James Leslie Darcy (28 October 189524 May 1917) was an Australian boxer. He was a middleweight, but held the Australian Heavyweight Championship title at the same time.

Les Darcy was the 2003 Inductee for the Australian National Boxing Hall of Fame Old Timers category and was the first to be elevated to Legend status in 2009.

History

Les Darcy was born near Maitland, New South Wales. He started boxing as an amateur at age fifteen and quickly turned professional. He won his first sixteen fights before challenging the veteran Bob Whitelaw for the Australian welterweight title. Darcy lost the twenty-round decision but, in a rematch, knocked Whitelaw out in five rounds.

Darcy graduated from regional bouts to fighting in Sydney Stadium, in Rushcutters Bay, and promoters began to import talent to challenge him. He lost his first two fights in Sydney, one by decision and one by foul, to America's Fritz Holland. The next year Darcy faced another American, Jeff Smith, in what was considered a contest for the Australian world middleweight title. When Darcy complained of a low blow at the end of the fifth round, the referee believed that Darcy did not want to continue and awarded the decision to Smith. In a rematch, Darcy was awarded the victory when Smith punched him in the groin.

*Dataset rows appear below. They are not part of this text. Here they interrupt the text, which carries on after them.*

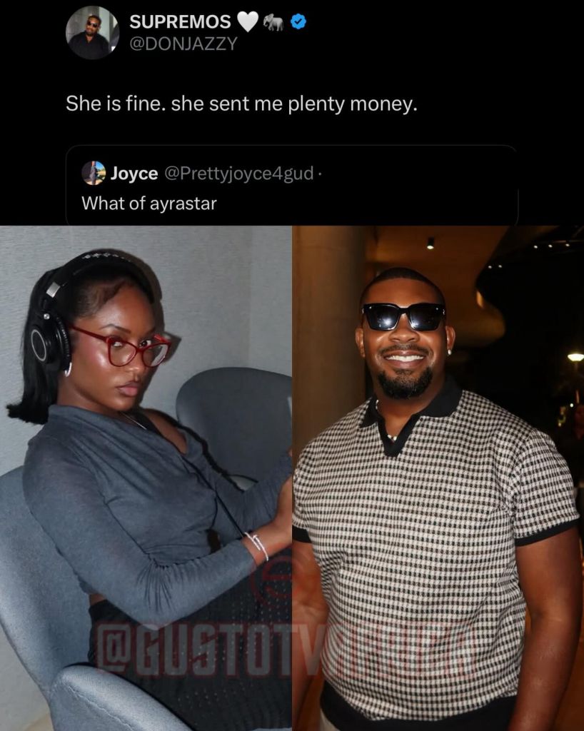 Don Jazzy (Michael Collins Ajereh) says Ayra Starr (Sarah Oyinkansola Aderibigbe) gifted him cash. He wrote that she sent him plenty of money on his birthday. The short post drew quick likes and many replies from fans.
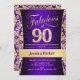 Convites 90 Festa de aniversário - Dourado Roxo
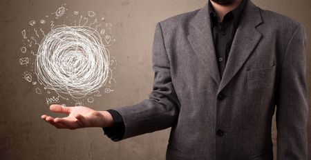 Young businessman holding chaos concept in his hand
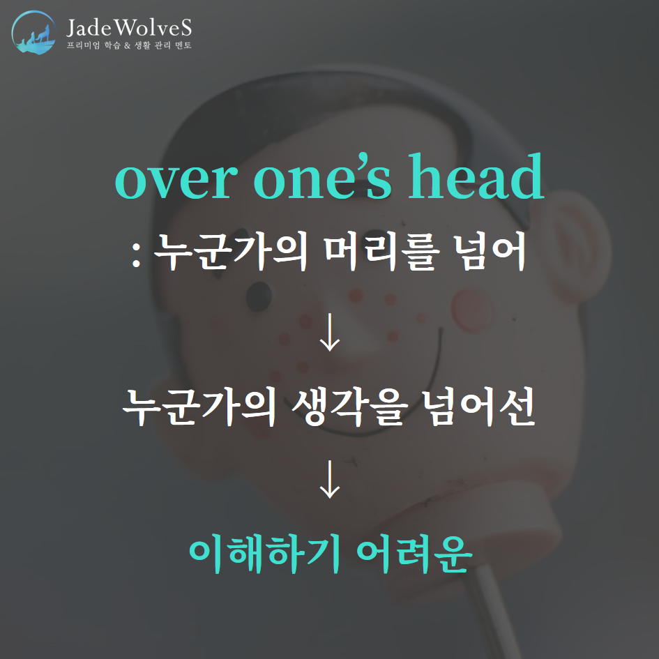 2) over one's head : "누군가의 머리를 넘어"라고 해서 "이해하기 어려운"이라는 의미로 사용됩니다.
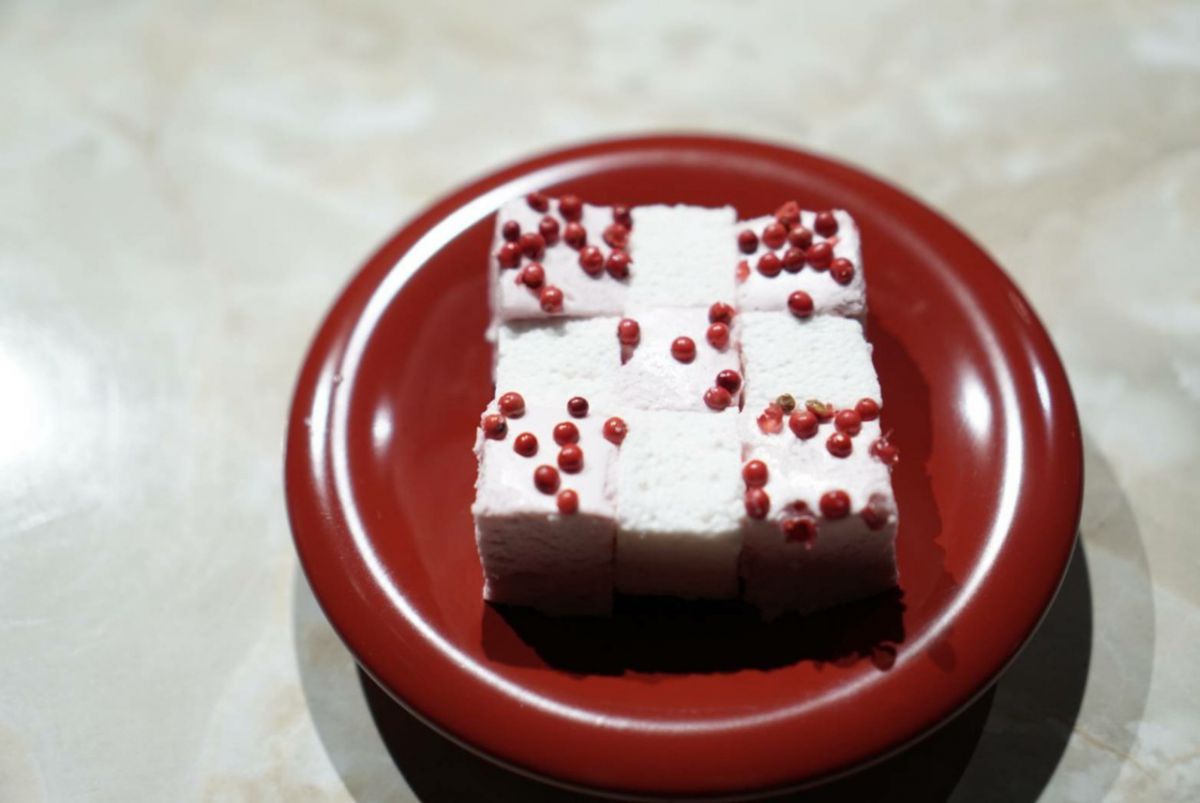 「ペアリングのワインの余韻の香りが素晴らしく、そこにピンクペッパーをプラスすることでお菓子、ワインそれぞれ単体では味わえない複雑味を出せたら」と考案されたのが「白ワインとピンクペッパーのギモーヴ」。角を感じないほど、口の中でふわりと溶けるギモーヴの食感は、ほかに例えようがなく、ベースにしたフワンボワーズの甘さも上品です。
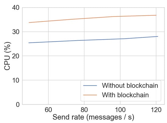 Our quantitative performance analysis reveals that the addition of a blockchain in the consumption process increases latency by an average of s and reduces throughput by messages per second. The performance is constant no matter the input send rate, at a message consumption success rate of over , showing that the bottleneck is not due to the load. Combined with the fact that the throughput in the baseline implementation, without a blockchain, is capped at 10 messages per second, which is 5 to 13 times lower than the input send rate, we can be confident when saying that the baseline SETS framework (which is the official TAXII server with a minimally viable implementation) needs to be improved for a much higher event processing rate, before reassessing other features added to the system. The resource utilisation of the sharing framework increases when adding blockchain for integrity, but the increase is an acceptable margin. We conclude that our solution has a stable performance and success rate, while the major performance loss incurs in the baseline implementation of the TAXII server which has the potential to be improved.
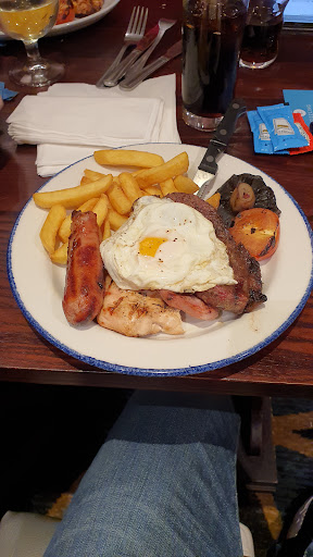 We booked here for 7.20pm for 4, after ordering our food and drinks at about 7.30pm we then waited 15 mins for our drink to arrive and to make matters worse the bottle of prosecco we ordered was not chilled, we then ask for an ice bucket to chill the bottle but were given a cocktail jug full of ice 🤷♂️ which was no use at all, we then waited 35 mins for 1 starter of nachos and then a further 40 mins for our main meals, even then it was wrong, I had ordered a medium rare steak and my partner medium to well, after receiving our meals we both realised they had been cooked to order but were on the wrong plates, I ordered a mixed grill and my partner a surf and turf which were served to us on very small plates with everything pilled up on top of each other which wasn't ideal when we were trying to swap steaks, I know it a minor point but I think if you order those kind of meals they should served up on big oval plate to make it a bit easier to eat, our friends also received there meal about 5 mins before ours which meant by the time we received ours they had ploughed through half of theirs, don't get me wrong the food was good so hats of to the chef's but the overall experience was bad, the service was terrible and not at all attentive, in fact we were not asked once how our food was or if we needed any condiments, the cutlery was brought to us but that was it, and only after we asked how much longer we would have to wait for our food did the manager come over and apologise for the wait, the only saving grace was the food in my opinion, my steak and egg was cooked to perfection, the gammon, and chicken were good and our nachos starter was nice, it's just a shame the service was terrible and let...

As Australian world middleweight champ, Darcy defeated such top-flight visiting Americans as Eddie McGoorty, Billy Murray, Jimmy Clabby, George Chip, George "KO" Brown, and Buck Crouse, as well as knocking out Smith and Holland in rematches. Darcy's opponents are said to have admired his courage, stamina, and punching power. In 1916, Darcy knocked Harold Hardwick out to capture the Australian heavyweight title.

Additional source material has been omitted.